We'll Go No More A-Roving Part 2

Title: We’ll Go No More A-Roving
Rating: G So tame it’s scary
Author: Gill
Timeline: During Lessons and “Beneath You”, going just a touch AU thereafter.
Pairing: Buffy/Spike – and Clem ‘cos he rocks!
Summary: How did Spike get that blue sweatshirt, and why did he go back to the school basement?
Author notes: Feedback? Yes please!
Disclaimer: No, not mine, not even Spike. But Joss said I could play with his toys.

As before, many, many thanks to bogwitch and talesofspikefor their careful and thorough beta work, and to spikes_heart for endless encouragement. All mistakes are entirely my fault, especially where I wantonly went in the face of (probably) good advice, while what virtues this has owe much to them. This is my very first time posting fic to a community, so feedback would be as oxygen.

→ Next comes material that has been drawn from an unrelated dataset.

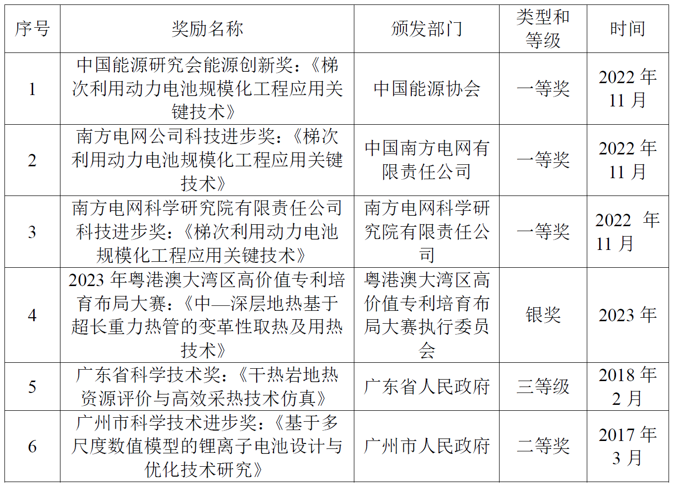 研团队在基于超长重力热管技术的中深层地热开发、锂离子电池多尺度多场耦合仿真、锂离子电池电热及安全管控、燃料电池水热管理等领域构建了完善的关键技术体系并实现了应用示范,取得了一系列研究成果。 1.论文 截至2024年,科研团队发表论文213篇,其中SCI/EI论文179篇。 代表性论文如下: Huang W, Chen J, Ma Q, et al. Developing kilometers-long gravity heat pipe for geothermal energy exploitation[J]. Energy & Environmental Science, 2024, 17(13): 4508-4518. (IF: 32.4) Chen J, Li Z, Huang W, et al. Super-long gravity heat pipe geothermal space heating system: A practical case in Taiyuan, China[J]. Energy, 2024, 299: 131521. (IF: 9.0) Qiu Y, Peng P, Jiang F. Improvement of local outlier factor algorithms for lithium-ion battery fault diagnosis[J]. Journal of Energy Storage, 2024, 98: 113100. (IF:8.9) Anand R S, Li A, Huang W, et al. Super-long gravity heat pipe for geothermal energy exploitation-A comprehensive review[J]. Renewable and Sustainable Energy Reviews, 2024, 193: 114286. (IF: 16.3) Guo J, Li Z, Wei L, et al. A novel thermal management system with a heat-peak regulator for fuel cell vehicles[J]. Journal of Cleaner Production, 2023, 414: 137712. (IF: 9.8) Cao W, Huang W, Chen J, et al. Numerical study on the heat extraction performance of enhanced geothermal systems with a well-fracture-reservoir combined model[J]. Renewable Energy, 2023, 202: 370-380. (IF: 9.0) Peng P, Wang Y, Jiang F. Numerical study of PCM thermal behavior of a novel PCM-heat pipe combined system for Li-ion battery thermal management[J]. Applied Thermal Engineering, 2022, 209: 118293. (IF: 6.1) Huang W, Cen J, Chen J, et al. Heat extraction from hot dry rock by super-long gravity heat pipe: A field test[J]. Energy, 2022, 247: 123492. (IF: 9.0) Dafalla M A ,魏琳 ,廖梓豪 , et al.夹紧压力对PEMFC冷启动性能的影响[J].工程热物理学报,2022,43(04):1004-1012. (EI) Ibrahim A, Jiang F. The electric vehicle energy management: An overview of the energy system and related modeling and simulation[J]. Renewable and Sustainable Energy Reviews, 2021, 144: 111049. (IF: 16.3) 曹文炅, 雷博, 史尤杰, 等. 韩国锂离子电池储能电站安全事故的分析及思考[J]. 储能科学与技术, 2020, 9(5): 1539. Zhao C, Sousa A C M, Jiang F. Minimization of thermal non-uniformity in lithium-ion battery pack cooled by channeled liquid flow[J]. International journal of heat and mass transfer, 2019, 129: 660-670. (IF: 5.0) Wei L, Liao Z, Suo Z, et al. Numerical study of cold start performance of proton exchange membrane fuel cell with coolant circulation[J]. International Journal of Hydrogen Energy, 2019, 44(39): 22160-22172. (IF: 8.1) Zhao C, Cao W, Dong T, et al. Thermal behavior study of discharging/charging cylindrical lithium-ion battery module cooled by channeled liquid flow[J]. International journal of heat and mass transfer, 2018, 120: 751-762. (IF: 5.0) Wei L, Yuan X, Jiang F. A three-dimensional non-isothermal model for a membraneless direct methanol redox fuel cell[J]. Journal of Power Sources, 2018, 385: 130-140. (IF: 8.1) Chen W, Jiang F. Impact of PTFE content and distribution on liquid–gas flow in PEMFC carbon paper gas distribution layer: 3D lattice Boltzmann simulations[J]. International journal of hydrogen energy, 2016, 41(20): 8550-8562. (IF: 8.1) Chen J, Jiang F. Designing multi-well layout for enhanced geothermal system to better exploit hot dry rock geothermal energy[J]. Renewable Energy, 2015, 74: 37-48. (IF: 9.0) Jiang F, Peng P, Sun Y. Thermal analyses of LiFePO4/graphite battery discharge processes[J]. Journal of power sources, 2013, 243: 181-194. (IF: 8.1) 吴伟, 蒋方明, 曾建邦. LiCoO2电池正极微结构重构及有效传输系数预测[J]. 物理化学学报, 2013, 29(11): 2361-2370. (IF: 10.8) 曾建邦, 蒋方明. 锂离子电池介观尺度光滑粒子水力学模型[J]. 物理化学学报, 2013, 29(11): 2371-2384. (IF: 10.8) 2.专利 截至2024年,科研团队申请专利73件,授权46件,其中PCT4件。 代表性专利如下: PCT/CN2021/116886,一种利用地热井实现高效蒸发的热泵系统及方法 PCT/CN2021/118084,一种热管式取热集成冷电热联用的采-用一体化地热系统 EP3961122,无积液效应的阶梯式重力热管地热开采系统 60861AU,一种热管式取热集成冷电热联用的采用一体化地热系统 ZL202110227305.6,结合超长重力热管取热控温的高温矿井综合改造利用系统 ZL 202110235939.6,一种水热型地热综合利用系统及能量分配管控方法 ZL202110453266.1,一种锂电池储能系统液冷消防联合管控系统及管控方法 ZL201910180385.7,一种用于电动汽车的热管理系统 ZL202011247915.4,一种用于无人机燃料电池的散热系统 ZL201910673309.X,一种锂电池热-安全管理系统及管控方法 ZL202110227305.6结合超长重力热管取热控温的高温矿井综合改造利用系统 ZL201910328413.5,无积液效应的阶梯式重力热管地热开采系统 ZL201610877704. 6,一种锂离子电池组全天候有效热管理系统 3.软件著作权 截至2024年,科研团队授权软件著作权27件。 代表性软件著作权如下: 2022SR1516823,基于局部异常因子的锂离子电池组数据驱动诊断软件 2021SR0814899,基于熵的锂电储能系统故障诊断与不一致性监控软件 2021SR1230709,基于井筒等效模型的地热系统数值仿真软件 2019SR0310213,质子交换膜燃料电池冷启动时催化层内多场耦合的介孔尺度仿真软件 2019SR0310198,含冷却循环的质子交换膜燃料电池冷启动过程数值仿真软件 2018SR778015,电动汽车锂离子电池组液冷系统热仿真软件 2017SR665533,无膜直接甲醇氧化还原燃料电池内电化学耦合多物理传输过程的数值仿真软件 2014SR037600,增强型地热系统地下传热传质过程三维全区域动态模拟软件 2014SR61792,增强型地热

The title and some of the inspiration come from a poem by Lord Byron, the original dark and broody antihero – hence some slightly self-indulgent musings of Giles in Part 2.



Clem slumped ever lower in the comfy armchair. The popcorn was more than half gone, Farscape was going well, all was nearly right with the world. Then the door slammed open in a way that could only mean one person.

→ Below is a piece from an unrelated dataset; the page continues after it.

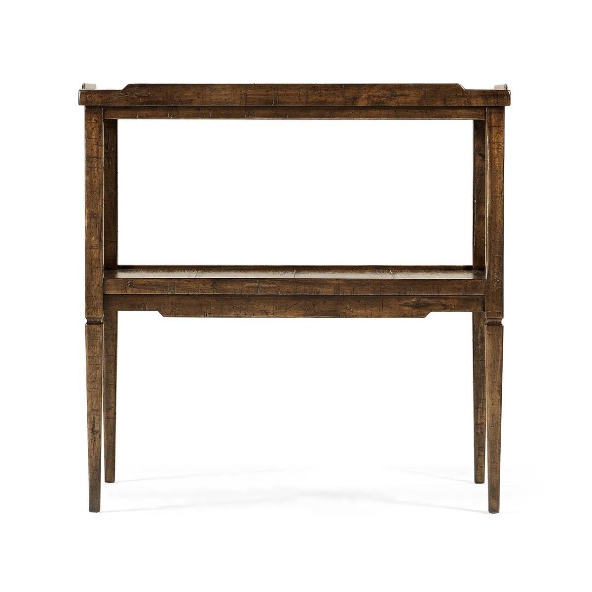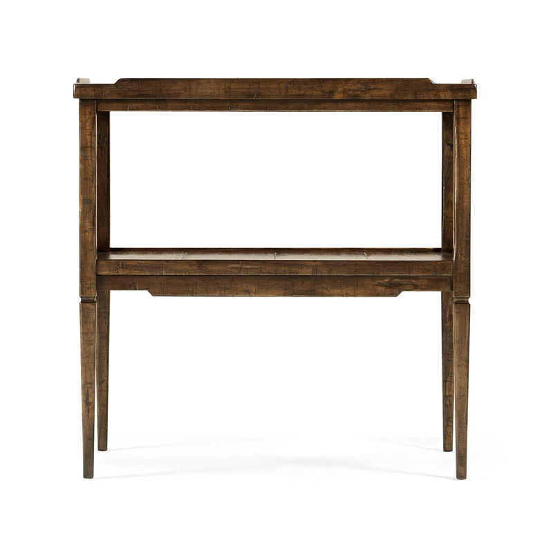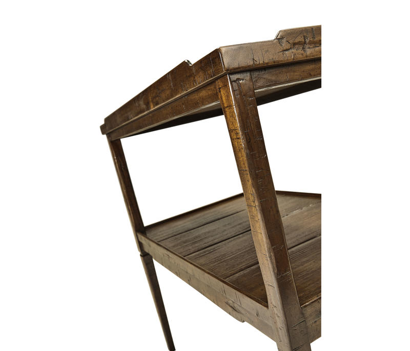 French country style walnut side table with heavily distressed finish on the top and under tier. (Old code: 495234)

“Hey, Buffy! Welcome! There’s popcorn – why’ncha pull up a chair?”

That was an opening that was going to fool no-one. She never entered without a reason.

“Clem, I need you. Now!”

There were times you could argue with Buffy. This was not one of them. “Right, yes, of course. Right with you, Buffy. Er – where?”

“Just come, OK?” There was a strange expression on her face. And was that a tear there? No way was he going to ask, though. Oh boy, no!

Clem had to put on a burst of speed, such as it was, even to stay level with her strides. A tiny thing like that could sure move fast. Across the cemetery, through the gap in the fence, across the road and – into a church? Even for Buffy, this was asking a little much, wasn’t it? Taking care not to touch anything – he might not be a vampire, but who knew what this stuff could do? – he followed the Slayer.

There was a strange, musty, smoky smell in the building. In the dim light which was all the coloured windows afforded, it was difficult to make out what was there – until something white moved into his peripheral vision.

“Spike?” Aghast, he looked more closely. All that care of a few hours previously, all those kitties, and what for? As crazy as when he’d started, Spike stalked around the room, not looking where he was going, his pale flesh marred by contusions and scorch marks. As he watched, Clem began to grasp why. The crazy man was paying no attention to where he was going, careering off walls, tombs, monuments. In a place like this it was the equivalent to putting a toddler to play with knives. Every second contact Spike made seemed to be with a cross, or holy water, or some relic. No wonder there was a stench of smouldering vampire flesh.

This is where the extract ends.